**Required work:** The expected output is exactly the lines below, starting at the line with "Clan Paterson crest" and ending at the line with "Number Seven. Number", both included; no other line belongs in it.

═════ Data excerpts

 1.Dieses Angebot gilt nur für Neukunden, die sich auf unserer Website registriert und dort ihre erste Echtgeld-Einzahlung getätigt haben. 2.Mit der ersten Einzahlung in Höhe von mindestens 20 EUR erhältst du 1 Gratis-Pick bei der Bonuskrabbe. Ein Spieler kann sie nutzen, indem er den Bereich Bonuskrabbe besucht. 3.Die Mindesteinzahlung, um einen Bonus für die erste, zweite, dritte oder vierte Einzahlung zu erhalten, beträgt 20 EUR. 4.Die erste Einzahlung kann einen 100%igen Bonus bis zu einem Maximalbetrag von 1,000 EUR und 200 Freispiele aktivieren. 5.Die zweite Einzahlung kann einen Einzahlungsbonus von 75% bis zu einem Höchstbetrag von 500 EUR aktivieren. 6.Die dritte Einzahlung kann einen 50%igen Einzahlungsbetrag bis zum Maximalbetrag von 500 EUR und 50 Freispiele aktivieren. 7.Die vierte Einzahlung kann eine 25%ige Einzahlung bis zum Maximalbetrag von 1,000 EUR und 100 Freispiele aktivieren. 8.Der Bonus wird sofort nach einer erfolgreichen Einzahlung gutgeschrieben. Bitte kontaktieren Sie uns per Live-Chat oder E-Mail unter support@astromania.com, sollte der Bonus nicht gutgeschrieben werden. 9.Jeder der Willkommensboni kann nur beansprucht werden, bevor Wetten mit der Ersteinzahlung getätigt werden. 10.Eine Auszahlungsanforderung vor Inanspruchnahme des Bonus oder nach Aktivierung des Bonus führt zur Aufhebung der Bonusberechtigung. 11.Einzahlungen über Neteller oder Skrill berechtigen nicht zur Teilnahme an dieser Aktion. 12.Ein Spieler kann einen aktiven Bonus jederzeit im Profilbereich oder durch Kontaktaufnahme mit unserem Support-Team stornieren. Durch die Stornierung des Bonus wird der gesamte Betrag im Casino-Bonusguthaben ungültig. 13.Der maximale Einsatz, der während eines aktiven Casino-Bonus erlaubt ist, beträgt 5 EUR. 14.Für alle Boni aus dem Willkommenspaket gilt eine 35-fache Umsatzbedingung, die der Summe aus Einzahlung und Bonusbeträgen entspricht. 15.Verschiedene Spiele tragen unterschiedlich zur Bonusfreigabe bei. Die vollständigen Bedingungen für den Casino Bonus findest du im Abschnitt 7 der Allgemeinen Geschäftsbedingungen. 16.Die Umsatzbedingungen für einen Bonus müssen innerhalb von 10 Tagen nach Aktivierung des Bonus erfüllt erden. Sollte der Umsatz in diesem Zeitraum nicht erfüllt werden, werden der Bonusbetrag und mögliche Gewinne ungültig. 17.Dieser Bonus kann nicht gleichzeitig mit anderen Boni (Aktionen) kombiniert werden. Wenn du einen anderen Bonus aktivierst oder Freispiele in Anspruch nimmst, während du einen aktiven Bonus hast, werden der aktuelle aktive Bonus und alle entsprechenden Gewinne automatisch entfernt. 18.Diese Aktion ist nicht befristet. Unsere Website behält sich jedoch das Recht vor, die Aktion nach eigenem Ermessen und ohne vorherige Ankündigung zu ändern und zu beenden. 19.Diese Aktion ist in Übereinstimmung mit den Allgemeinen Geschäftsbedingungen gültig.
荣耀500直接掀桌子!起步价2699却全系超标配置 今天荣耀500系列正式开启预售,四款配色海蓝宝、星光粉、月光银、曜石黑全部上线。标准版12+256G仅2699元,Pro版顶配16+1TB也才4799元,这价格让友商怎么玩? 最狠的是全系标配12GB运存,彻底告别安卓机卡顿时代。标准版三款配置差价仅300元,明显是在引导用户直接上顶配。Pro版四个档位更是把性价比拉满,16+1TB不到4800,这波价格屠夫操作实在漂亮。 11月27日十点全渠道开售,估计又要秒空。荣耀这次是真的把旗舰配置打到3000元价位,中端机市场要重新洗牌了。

══════════
═════ Data excerpts

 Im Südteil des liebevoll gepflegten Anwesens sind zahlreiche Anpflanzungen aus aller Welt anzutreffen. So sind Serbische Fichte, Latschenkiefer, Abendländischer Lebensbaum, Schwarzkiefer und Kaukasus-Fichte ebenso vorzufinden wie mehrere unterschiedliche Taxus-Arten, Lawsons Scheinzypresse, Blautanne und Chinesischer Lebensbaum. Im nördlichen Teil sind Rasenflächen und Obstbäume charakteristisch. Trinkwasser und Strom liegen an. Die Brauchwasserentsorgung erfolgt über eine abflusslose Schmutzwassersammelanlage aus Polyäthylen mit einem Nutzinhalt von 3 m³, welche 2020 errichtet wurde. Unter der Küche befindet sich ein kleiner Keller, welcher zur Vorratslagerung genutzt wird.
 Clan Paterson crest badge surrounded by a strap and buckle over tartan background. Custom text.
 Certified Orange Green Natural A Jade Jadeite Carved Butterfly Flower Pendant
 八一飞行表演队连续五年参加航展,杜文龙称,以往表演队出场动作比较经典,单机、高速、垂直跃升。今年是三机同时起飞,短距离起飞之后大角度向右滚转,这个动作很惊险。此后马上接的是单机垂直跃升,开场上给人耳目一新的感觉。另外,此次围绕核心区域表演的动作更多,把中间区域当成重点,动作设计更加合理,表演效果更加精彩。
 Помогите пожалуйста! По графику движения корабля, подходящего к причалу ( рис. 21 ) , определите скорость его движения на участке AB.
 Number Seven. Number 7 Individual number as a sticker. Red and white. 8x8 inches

══════════

**Finished exercise:**
 Clan Paterson crest badge surrounded by a strap and buckle over tartan background. Custom text.
 Certified Orange Green Natural A Jade Jadeite Carved Butterfly Flower Pendant
 八一飞行表演队连续五年参加航展,杜文龙称,以往表演队出场动作比较经典,单机、高速、垂直跃升。今年是三机同时起飞,短距离起飞之后大角度向右滚转,这个动作很惊险。此后马上接的是单机垂直跃升,开场上给人耳目一新的感觉。另外,此次围绕核心区域表演的动作更多,把中间区域当成重点,动作设计更加合理,表演效果更加精彩。
 Помогите пожалуйста! По графику движения корабля, подходящего к причалу ( рис. 21 ) , определите скорость его движения на участке AB.
 Number Seven. Number 7 Individual number as a sticker. Red and white. 8x8 inches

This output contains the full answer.